What to work on: Starting from the line that holds "株式会社olio(代表:垣田", output exactly each line through the end of the listing. Do not copy pictures.

Data shown:
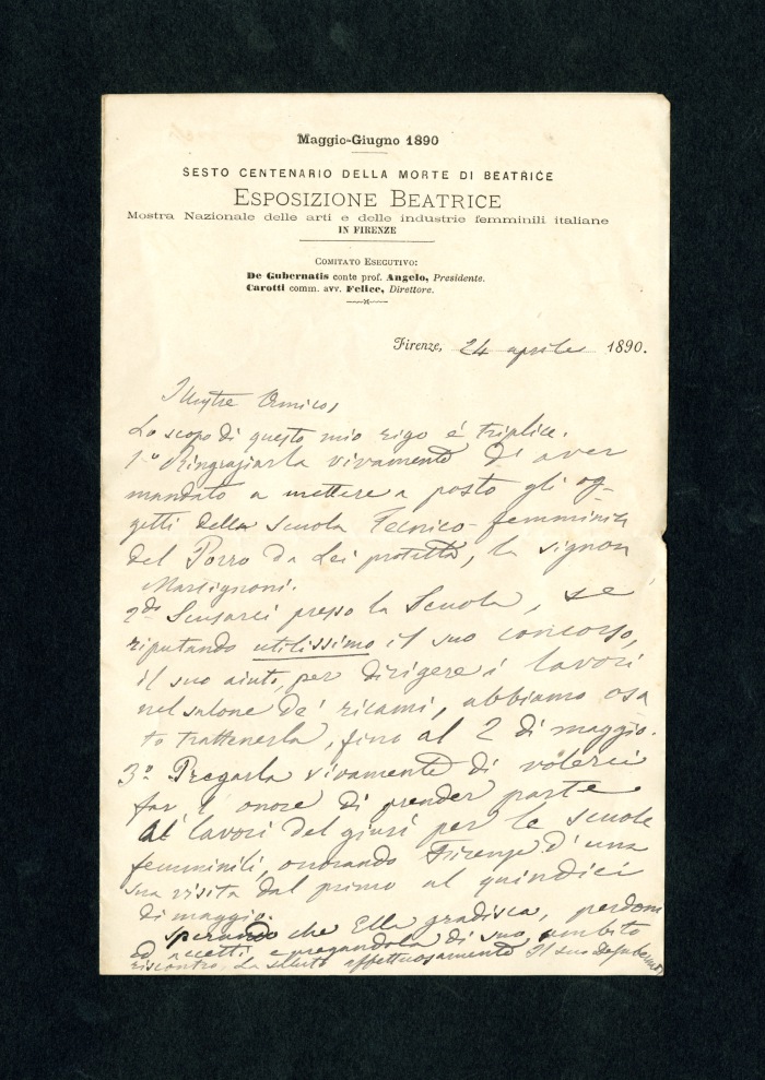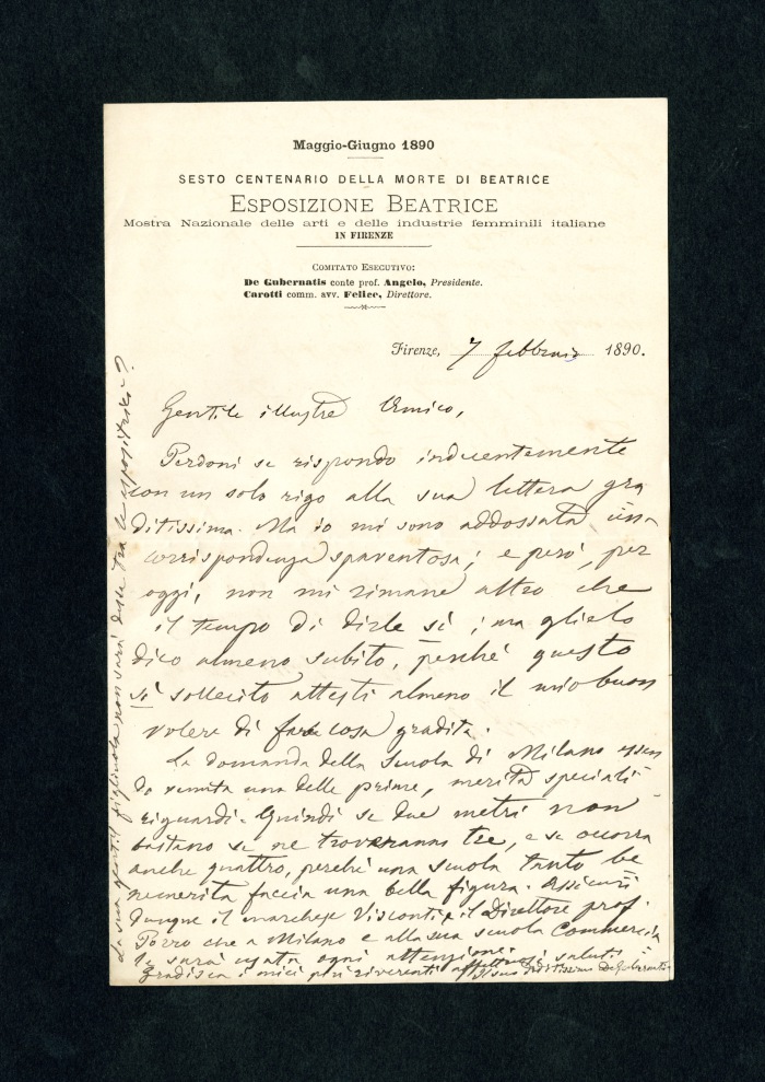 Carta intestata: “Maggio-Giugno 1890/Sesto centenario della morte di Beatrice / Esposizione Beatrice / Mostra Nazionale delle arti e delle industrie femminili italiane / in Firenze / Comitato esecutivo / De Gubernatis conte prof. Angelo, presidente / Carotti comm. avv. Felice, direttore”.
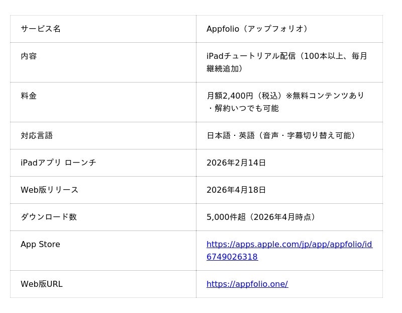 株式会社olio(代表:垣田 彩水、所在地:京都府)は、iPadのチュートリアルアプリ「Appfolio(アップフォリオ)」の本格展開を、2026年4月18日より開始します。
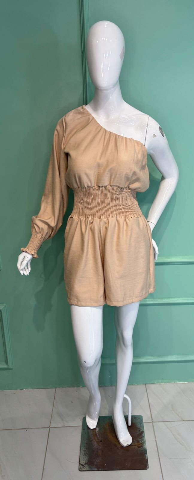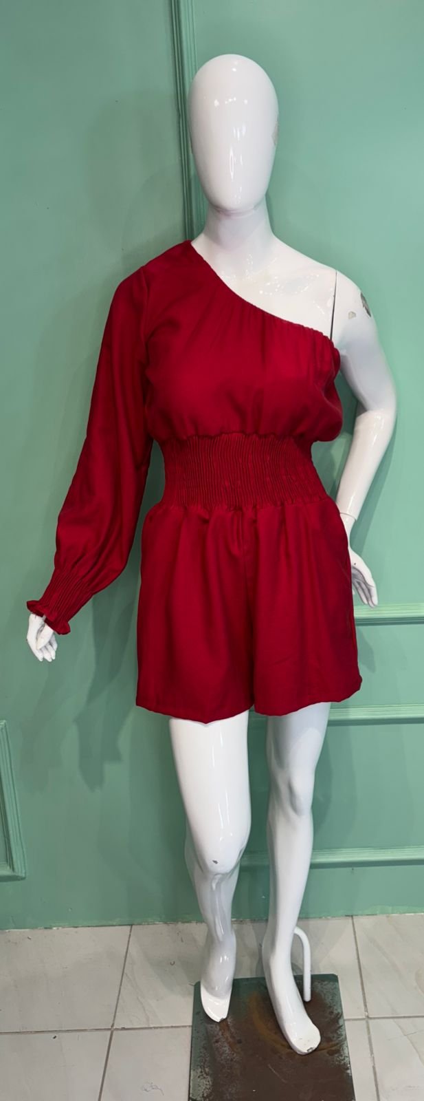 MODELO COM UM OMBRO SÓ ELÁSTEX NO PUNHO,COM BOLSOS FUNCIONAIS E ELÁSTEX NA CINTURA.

Written answer:
 株式会社olio(代表:垣田 彩水、所在地:京都府)は、iPadのチュートリアルアプリ「Appfolio(アップフォリオ)」の本格展開を、2026年4月18日より開始します。
 MODELO COM UM OMBRO SÓ ELÁSTEX NO PUNHO,COM BOLSOS FUNCIONAIS E ELÁSTEX NA CINTURA.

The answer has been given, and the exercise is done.